As per the SRO notification, Ogra is going to retrieve a yearly fee of around Rs170 million which includes a one-time licence fee of approximately Rs50 million beforehand.
Under the revised rules, the licence term for all oil-linked companies would be doubled from fifteen to thirty years and a fee of Rs2.5 million per licence would be charged.
However, annual fee structure would be contingent on throughput sales and market size.
As per the newly revised rules, firms regardless of their sales and size would be required to pay a fixed licence fee of Rs2.5 million and duration of licence would be increased to thirty years from 15 years instead.

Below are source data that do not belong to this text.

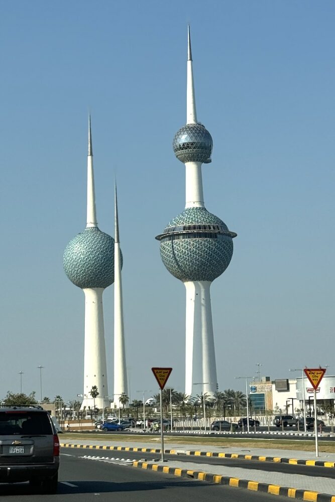 クウェートシティにある象徴的なクウェートタワー。青空の下でそびえ立つ3つの細い塔。この塔が建てられたのは、石油マネーに沸く戦後のことだったようです。
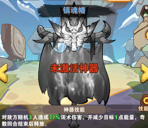 鎮(zhèn)魂幡:對(duì)敵方隨機(jī)3人造成77%法術(shù)傷害,并減少目標(biāo)1點(diǎn)能量奇數(shù)回合結(jié)束后釋放。
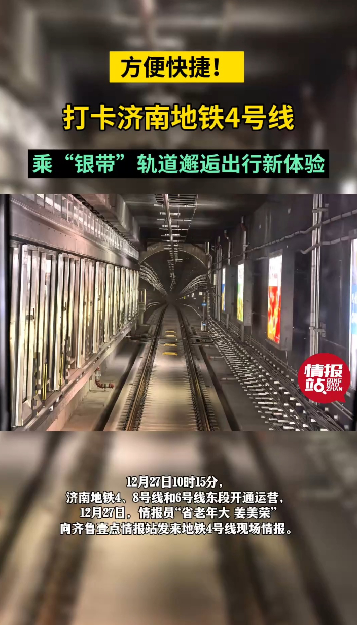 地铁情报站|打卡济南地铁4号线,乘“银带”轨道解锁出行新体验 16:40 大众报业·齐鲁壹点 微信扫码扫码下载客户端12月27日10时15分,济南地铁4、8号线和6号线东段开通运营,12月27日,情报员“省老年大 姜美荣”向齐鲁壹点情报站发来地铁4号线现场情报。“今天打卡地铁4号线,从第一医科大学至彭家庄的隧道内,轨道似银带延伸,金属构件在光影中碰撞出工业美学。这条地下线路穿梭泉城核心,周末车厢里市民扶老携幼,尽情体验便捷高效,感受城市新脉动。”情报员说。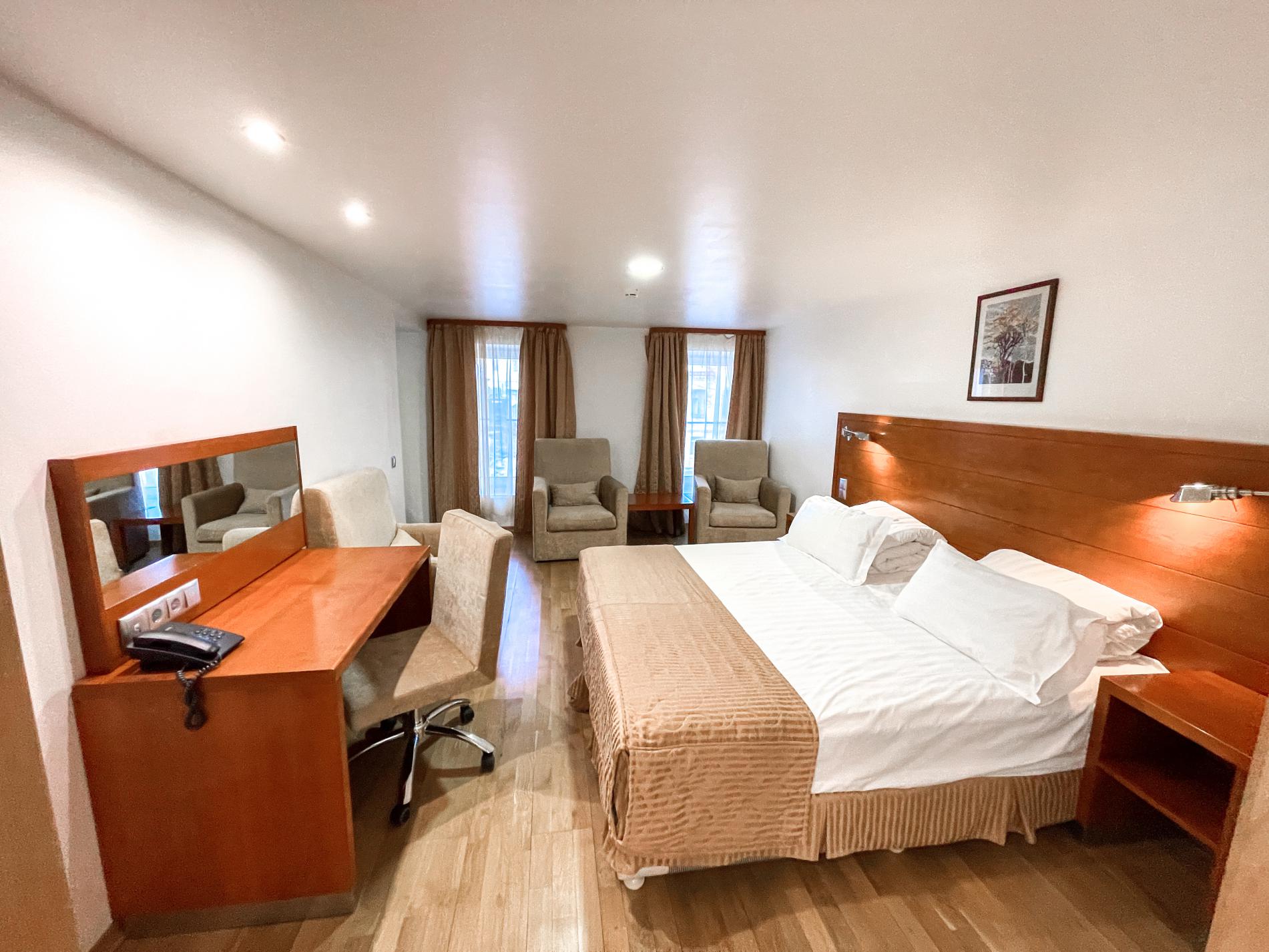 В номере: вешалка, диван раскладной, зеркало, кресла, кровати односпальные /одна двуспальная кровать, прикроватные тумбочки, стол, столик журнальный, стулья, тумба багажная, шкаф, телевизор ЖК, телефон, холодильник, центральная система охлаждения, чайный набор посуды

Also, it would be mandatory for all entities to pay a fixed annual fee unlike the previous 0.005 percent of their sales.
As a result, the country’s largest oil marketing company (OMC), Pakistan State Oil (PSO) would be liable to pay the highest yearly fee of Rs24 million.
Those OMCs having a throughput of more than 16 million tons would need to pay Rs24 million, which will be billed at Rs22 million for yearly throughput of 14-16 million tons.
This yearly fee for OMCs would slowly be decreased by Rs2 million each for yearly throughput of two million tons each.
Smaller firms having less than 1 million tons throughput would be required to pay a yearly fee of Rs3 million.
And refineries having a throughput of 6 million tons or over would be liable to pay Rs11 million yearly fee which would slowly be decreased by Rs2 million each for every 2 million tons lesser throughput.
For pipeline companies, their annual fee would stand around Rs5 million having more than 6 million tons throughput and would be decreased by Rs2 million for two-million lower throughput.
The storage facilities yearly fee would be Rs100,000 and oil testing facilities would be charged at Rs500,000 annually.